*Exercise objective:* Could you output the entries that follow exactly, omitting any pictures they contain?

*Records supplied:*
########################################

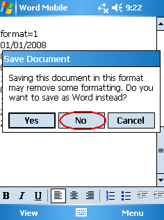 format. You MUST tap on the [No] button. If you tap on the [Yes]
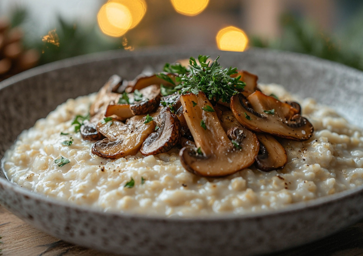 Основой блюда служит 200 граммов пшеничной крупы, которую тщательно промывают и варят в 500 миллилитрах воды до состояния нежной кремовой каши. Вам также понадобится 150 граммов соленых груздей или рыжиков, чайная ложка ароматного трюфельного масла и немного свежей зелени для украшения. Грибы предварительно вымачивают, если это необходимо, затем нарезают соломкой и слегка подсушивают на сухой сковороде. В готовую горячую кашу добавляют трюфельное масло, насыщая ее земляным ароматом. Большую часть грибов аккуратно вмешивают в кашу. Блюдо подают теплым, выложив горкой на тарелку, с оставшимися грибами сверху и сбрызнув еще каплей трюфельного масла.
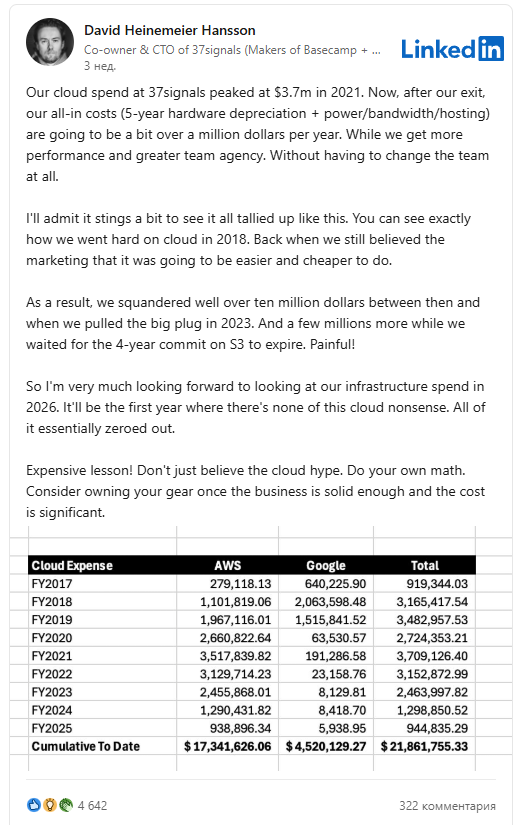 В недавнем посте, посвященном расходам компании на облачные технологии в период с 2017 по 2025 год, Ханссон пишет: «С того момента и до момента окончательного закрытия облачных сервисов в 2023 году мы потратили более десяти миллионов долларов».
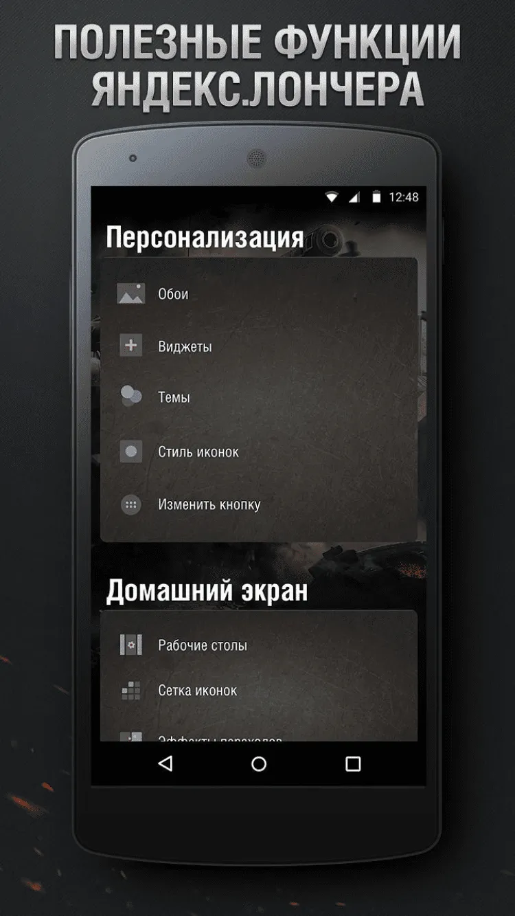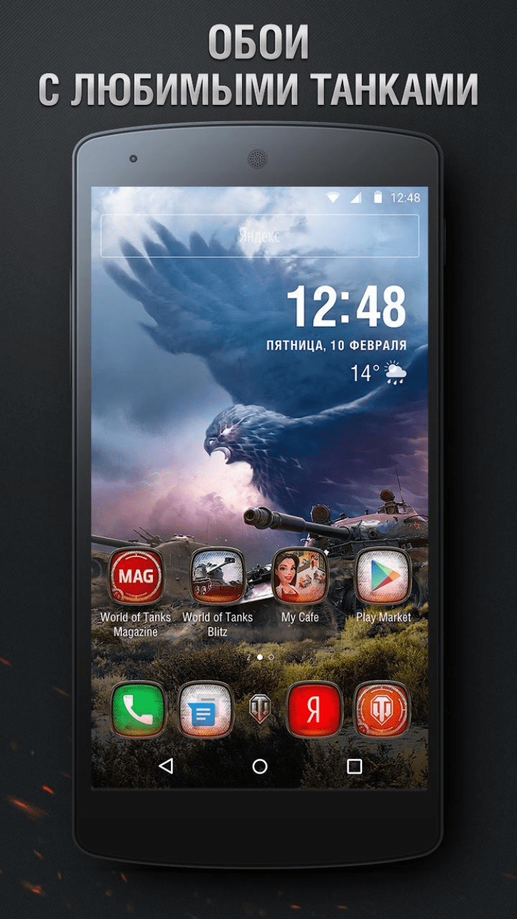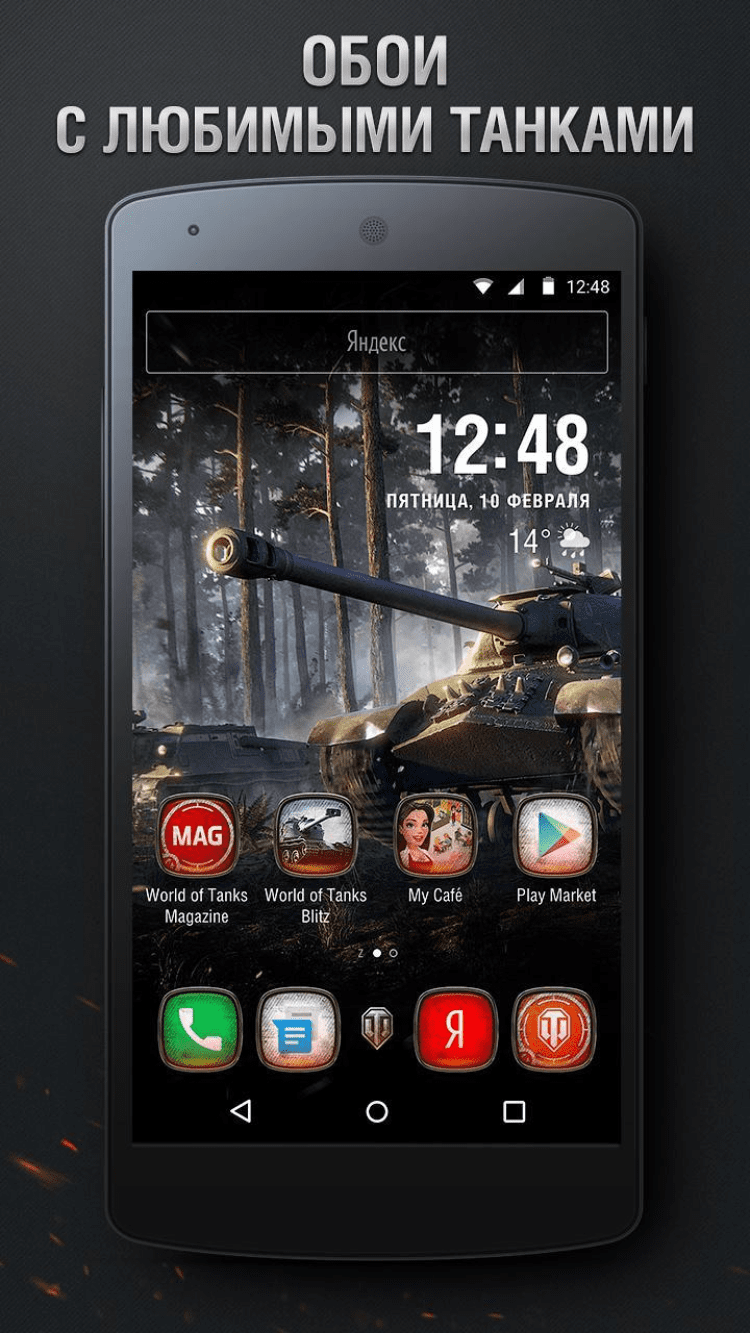 Установить программу очень просто. Скачайте World of Tanks Theme для Android с нашего сайта, затем установите Яндекс.Лончер и сделайте его главным экраном по умолчанию. Для этого, потребуется всего лишь выбрать соответствующий пункт во всплывающем меню. Если же Лончер уже установлен, вам необходимо просто выбрать World of Tanks в коллекции тем.
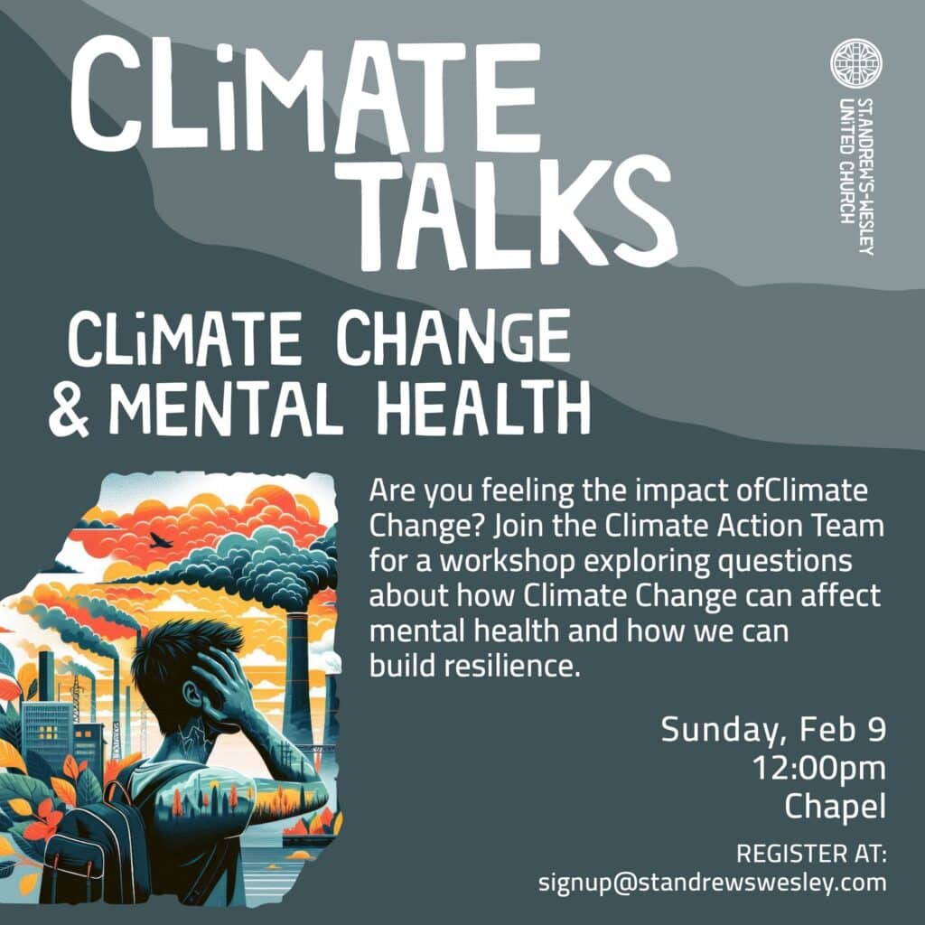 Are you feeling the impact of Climate Change? Join the Climate Action Team for a workshop exploring questions about how Climate Change can affect people’s mental health and how we can build resilience.
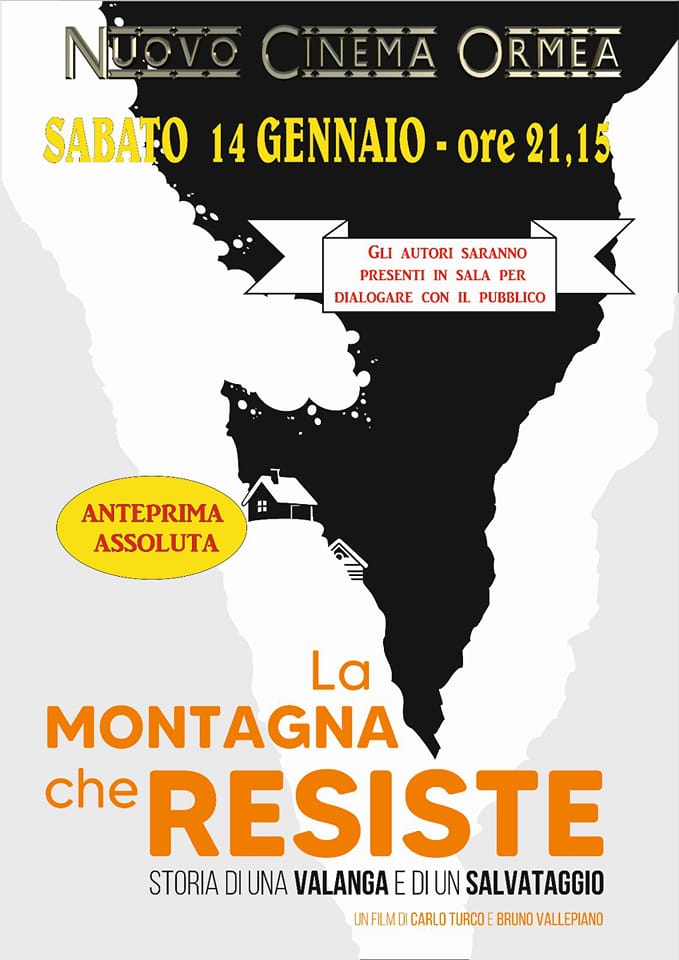 Sabato 14 gennaio alle 21,15 appuntamento al Nuovo Cinema Ormea con la PRIMA ASSOLUTA del film che racconta, attraverso la voce dei testimoni, quello che accadde a Valdarmela il 19 febbraio del 1972: la caduta di una valanga che travolse la frazione causando morte e distruzione.

########################################

*Result of the exercise:*
 format. You MUST tap on the [No] button. If you tap on the [Yes]
 Основой блюда служит 200 граммов пшеничной крупы, которую тщательно промывают и варят в 500 миллилитрах воды до состояния нежной кремовой каши. Вам также понадобится 150 граммов соленых груздей или рыжиков, чайная ложка ароматного трюфельного масла и немного свежей зелени для украшения. Грибы предварительно вымачивают, если это необходимо, затем нарезают соломкой и слегка подсушивают на сухой сковороде. В готовую горячую кашу добавляют трюфельное масло, насыщая ее земляным ароматом. Большую часть грибов аккуратно вмешивают в кашу. Блюдо подают теплым, выложив горкой на тарелку, с оставшимися грибами сверху и сбрызнув еще каплей трюфельного масла.
 В недавнем посте, посвященном расходам компании на облачные технологии в период с 2017 по 2025 год, Ханссон пишет: «С того момента и до момента окончательного закрытия облачных сервисов в 2023 году мы потратили более десяти миллионов долларов».
 Установить программу очень просто. Скачайте World of Tanks Theme для Android с нашего сайта, затем установите Яндекс.Лончер и сделайте его главным экраном по умолчанию. Для этого, потребуется всего лишь выбрать соответствующий пункт во всплывающем меню. Если же Лончер уже установлен, вам необходимо просто выбрать World of Tanks в коллекции тем.
 Are you feeling the impact of Climate Change? Join the Climate Action Team for a workshop exploring questions about how Climate Change can affect people’s mental health and how we can build resilience.
 Sabato 14 gennaio alle 21,15 appuntamento al Nuovo Cinema Ormea con la PRIMA ASSOLUTA del film che racconta, attraverso la voce dei testimoni, quello che accadde a Valdarmela il 19 febbraio del 1972: la caduta di una valanga che travolse la frazione causando morte e distruzione.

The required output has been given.